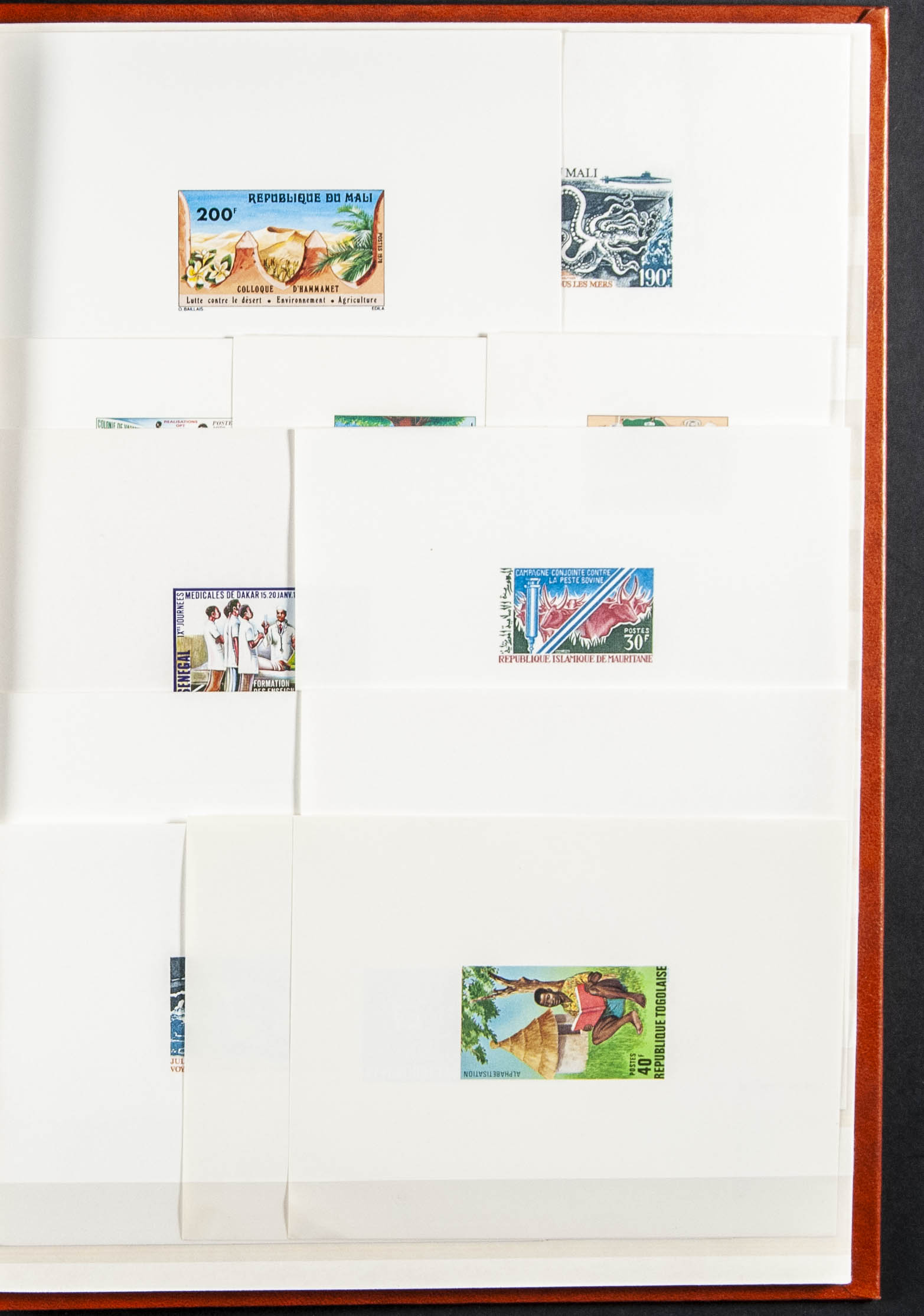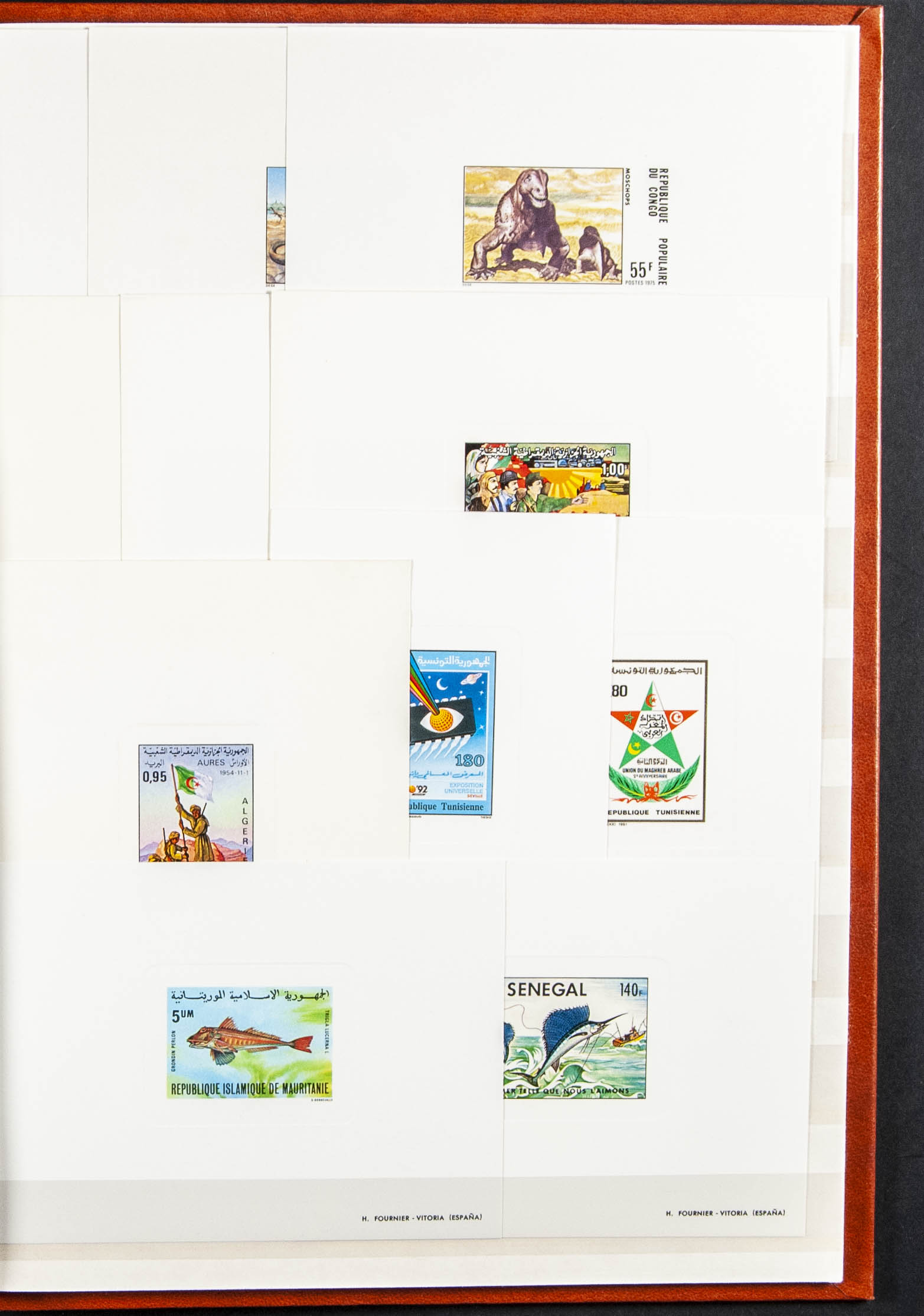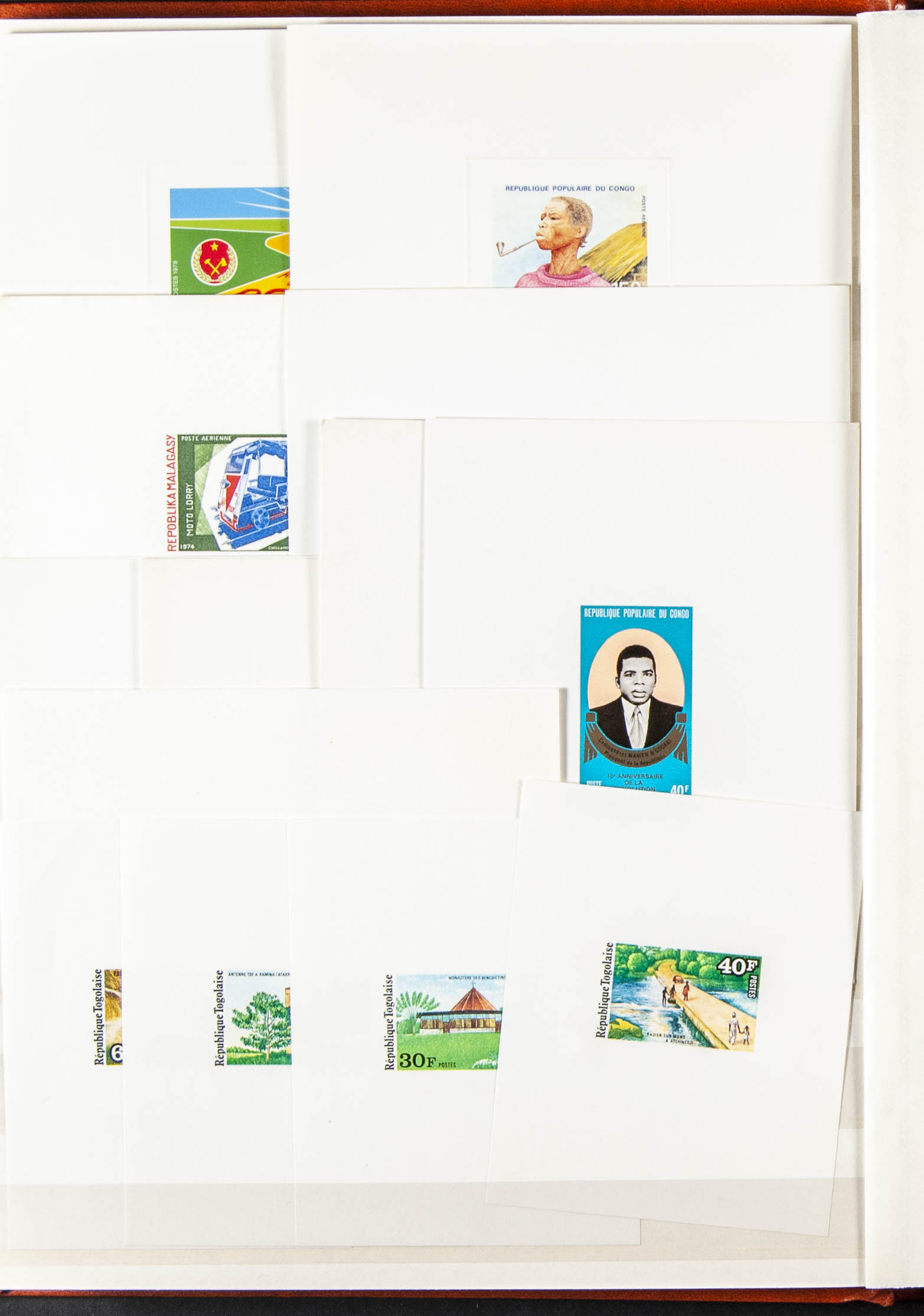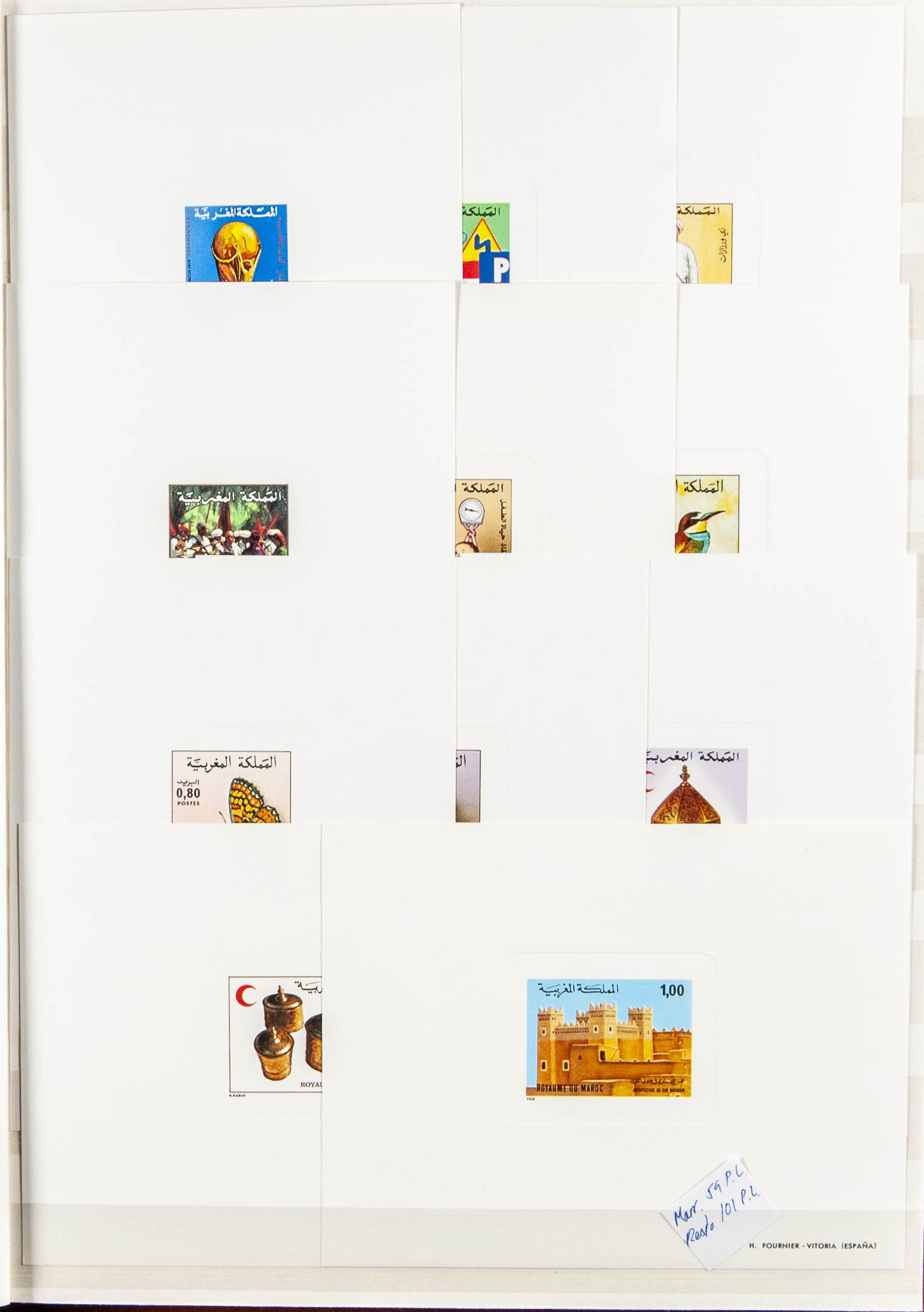 English ★★(1965ca). Interesting collection of fifty-nine Luxury Proofs from Independent Morocco and one hundred and one from Ex-French Colonies (total 160 proofs), most of them between 1965 and 1985. TO BE EXAMINED.
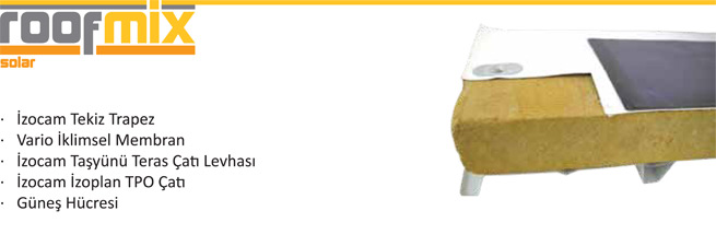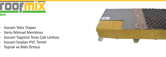 Isover Saint Gobain ve Alghanim Industries ortaklığından oluşan, yalıtım sektörünün lideri İzocam, titiz çalışmalar sonrasında düz çatılar için bütünleşik yeni sistem Roofmix’i geliştirdi. Farklı üretici ve tedarikçilerden ayrı ayrı temin edilen sistem bileşenleri yerine, tam hizmet, toplam kalite, tek çözüm anlayışıyla oluşturulan Roofmix İzocam kalite ve güvencesi ile sunuluyor.
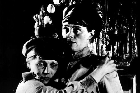 Октябре его лирическое волнение явственно окрашивает изображение именно "ударниц", а не, скажем, большевичек: блистательная и эмоционально пронзительная монтажная фраза, где одна из них, тоскуя об утраченной женственности, поднимает глаза к скульптуре Родена "Поцелуй" - воспринимается как истинное лирическое стихотворение на плёнке.
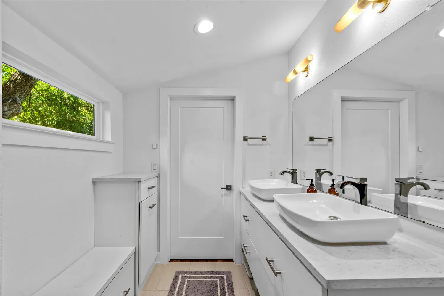 The elevated entry stairs create a sense of peace and seclusion—you walk up surrounded by trees, with light pouring in on both levels. Inside, American walnut floors, custom wood accents, and high-end finishes highlight the open layout.
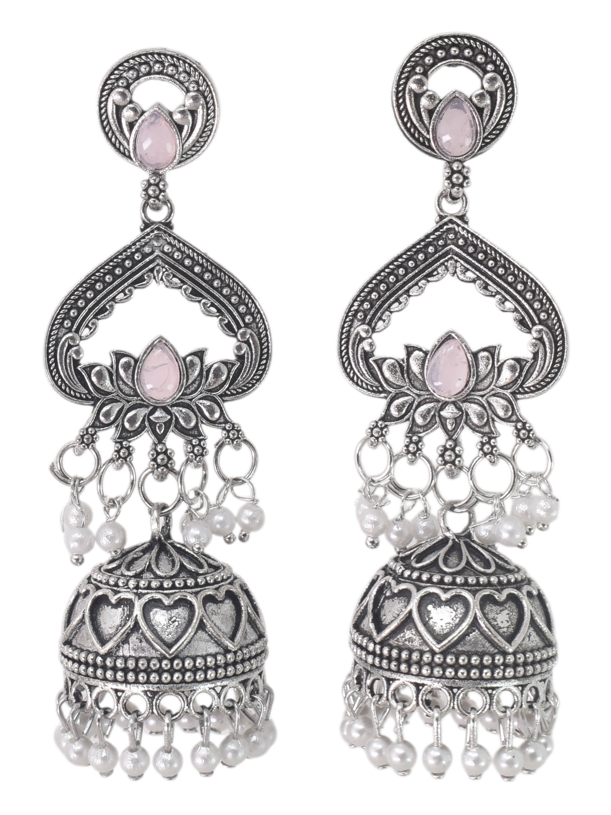 Silver Plated, Stylish Oxidised Lotus Motif Jhumka Earrings for Women & Girls, Traditional Ethnic Pearl Drop Wedding Festive Party Jewellery, Traditional Floral Design Lavender Colored Ethnic Earring
################
Could you transcribe exactly the lines from the one with "Октябре его лирическое" through the end of the data, both ends included, and nothing else, skipping the pictures?

=== ANSWER TO THIS EXERCISE ===
 Октябре его лирическое волнение явственно окрашивает изображение именно "ударниц", а не, скажем, большевичек: блистательная и эмоционально пронзительная монтажная фраза, где одна из них, тоскуя об утраченной женственности, поднимает глаза к скульптуре Родена "Поцелуй" - воспринимается как истинное лирическое стихотворение на плёнке.
 The elevated entry stairs create a sense of peace and seclusion—you walk up surrounded by trees, with light pouring in on both levels. Inside, American walnut floors, custom wood accents, and high-end finishes highlight the open layout.
 Silver Plated, Stylish Oxidised Lotus Motif Jhumka Earrings for Women & Girls, Traditional Ethnic Pearl Drop Wedding Festive Party Jewellery, Traditional Floral Design Lavender Colored Ethnic Earring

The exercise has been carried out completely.